Regression modeling #

Regression analysis is the term used to refer to a broad class of statistical methods that can be used to understand how one or more variables (deemed “features”, or covariates) relate to an outcome. Most commonly, regression analysis aims to estimate the conditional mean of the outcome, given the features. As we have seen before, this conditional mean can be denoted \(E[y | x[1], \ldots, x[p]]\) . The conceptual meaning of this quantity is that we take the average \(y\) for all possible observations that have exactly the given value of \(x\) as their covariates or features. This conditional mean is a property of the population, since we would never have access to all possible observations with a given value of \(x\) . In fact, our data set may contain only one observation with any particular value of \(x\) .

Regression analysis is one of the major branches of statistics. While it is extremely well developed, new regression methods are being invented every year. The kNN approach discussed above can be viewed as a regression method, as it has exactly the same goal, namely, to estimate the conditional mean function (and then use it for prediction).
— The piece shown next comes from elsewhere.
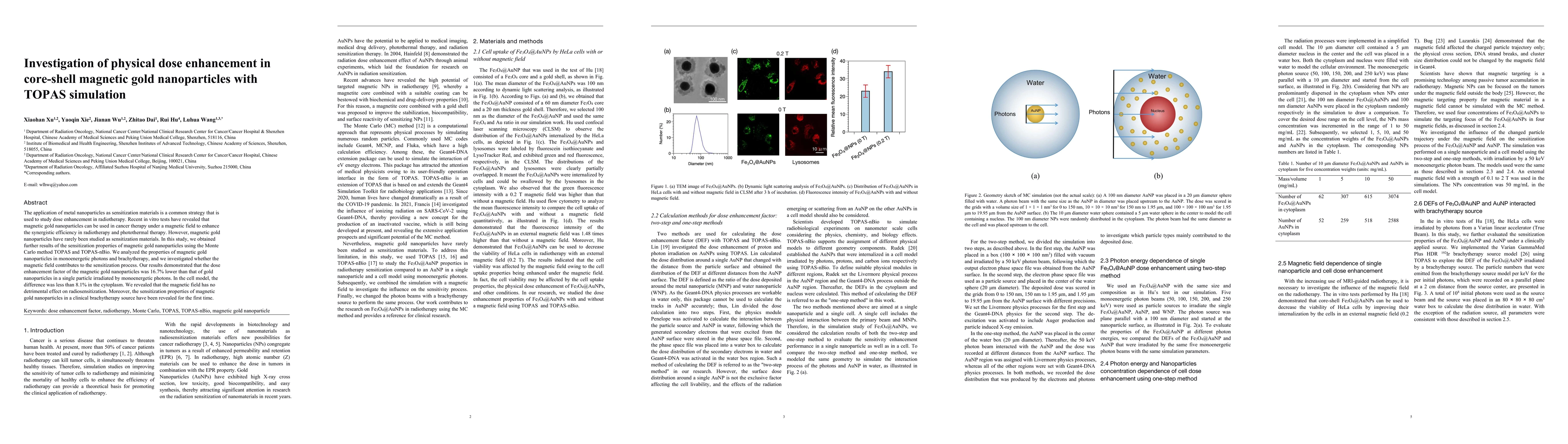 This study utilized TOPAS simulation to investigate the dose enhancement properties of core-shell magnetic gold nanoparticles in radiotherapy. Results showed that magnetic gold nanoparticles have a dose enhancement factor lower than gold nanoparticles but confirmed that magnetic fields do not negatively impact their radiosensitization capabilities.
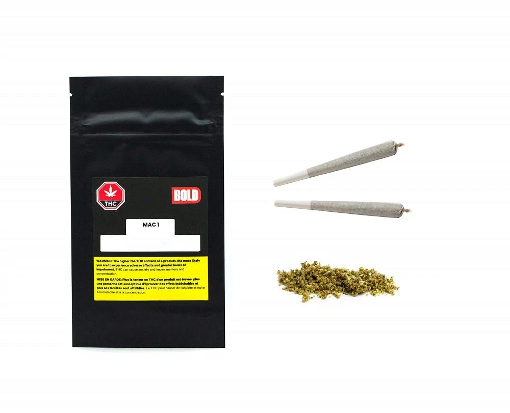 MAC1 is a powerful yet balanced hybrid, which crosses Alien Cookies with Columbian Gold and Starfighter for a super smooth experience. As with all BOLD strains, MAC1 is hang dried, slow cured and dry trimmed by hand to enhance its dense trichome-coated buds and amber and indigo tones. We only use whole flower in our pre-rolls because that’s the way it should be.

Perhaps the most well-known regression methods are called linear models and generalized linear models. Which are fit using least squares (or an iterative version of least squares). These topics are not covered in this class, but you can get a sense of what they do based on our discussion of kNN. Also note that earlier in the course we discussed scatterplot smoothing using LOWESS. The underlying algorithm for LOWESS is very similar to kNN, with the caveat the the standard LOWESS algorithm can only be used with one covariate.